Running a Kickstarter proved to be no walk in the park. How does one pull it off so successfully? “We really tried to be very personal with people. They showed us trust by investing in it, both with their time and money, so I was keen on being direct and staying honest throughout the process.” It’s evident that the heavy lifting involved in running a thriving campaign may not have been possible if not for the design and marketing savviness behind it. By the time the Kickstarter launched, PTM had an existing Facebook presence and a lengthy mailing list, which allowed the funding campaign to kick off with a built-in audience. The venture was at full-speed ahead, with half the book already designed.
The Kickstarter tale is one of a happy ending. Due to a phenomenal response from the online music-making community, the project reached its funding goal immediately, and surpassed Kim’s expectations. The additional capital injection allowed for an upgrade to the print quality and an extra 50 pages, to expand the already impressive content.

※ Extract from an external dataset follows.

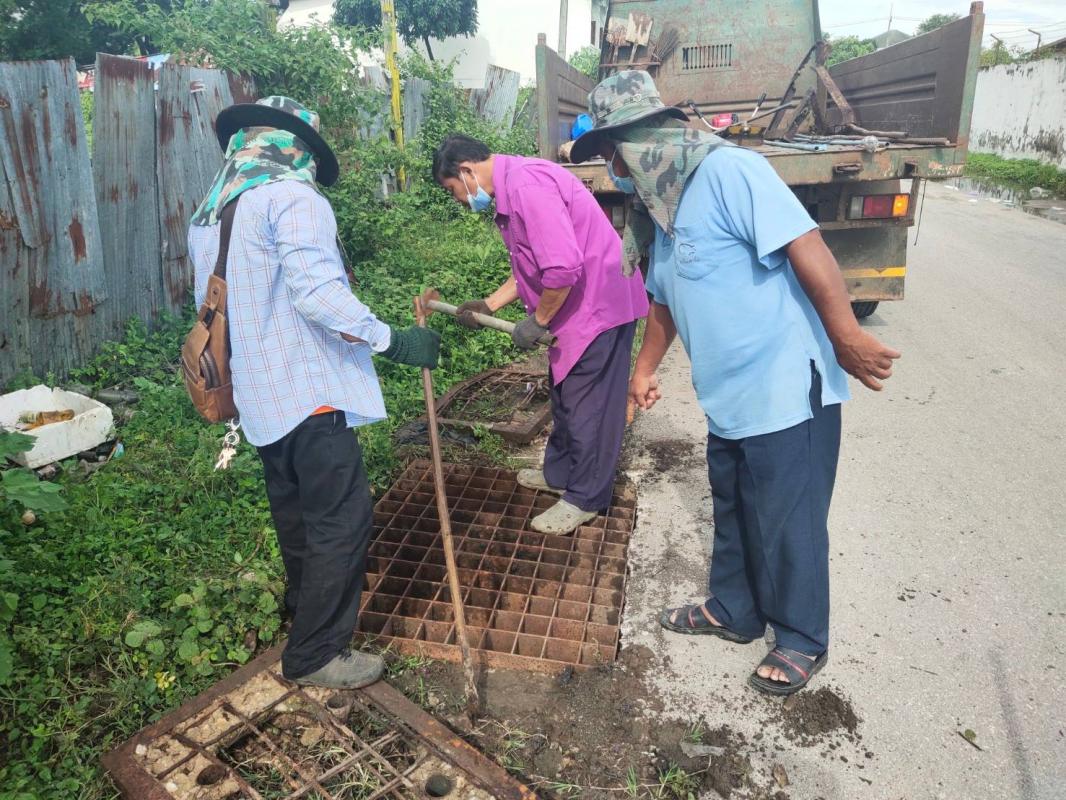 ออกดำเนินการตักขยะในตะแกรงกั้นในท่อระบายน้ำ บริเวณร้านเซเว่น อีเลฟเว่น (โรงเรียนสรรพวิทยาคม)

The book itself feels super expansive and begs to be devoured. It features a plethora of gear alongside interviews with producers, engineers, and designers. A proper introduction explains how a designer from Copenhagen running a Kickstarter campaign got to chat shop with his idols and create a visual guideline of electronic music’s most utilized tools. He looks back fondly at crashing SuperBooth and discovering that he had the support of the makers themselves, which added fuel to the fire and proved that the project broke ground in previously uncharted territory. Being on the ground allowed him to connect with the pioneers he admired and to reach out to them in hopes of picking their brain.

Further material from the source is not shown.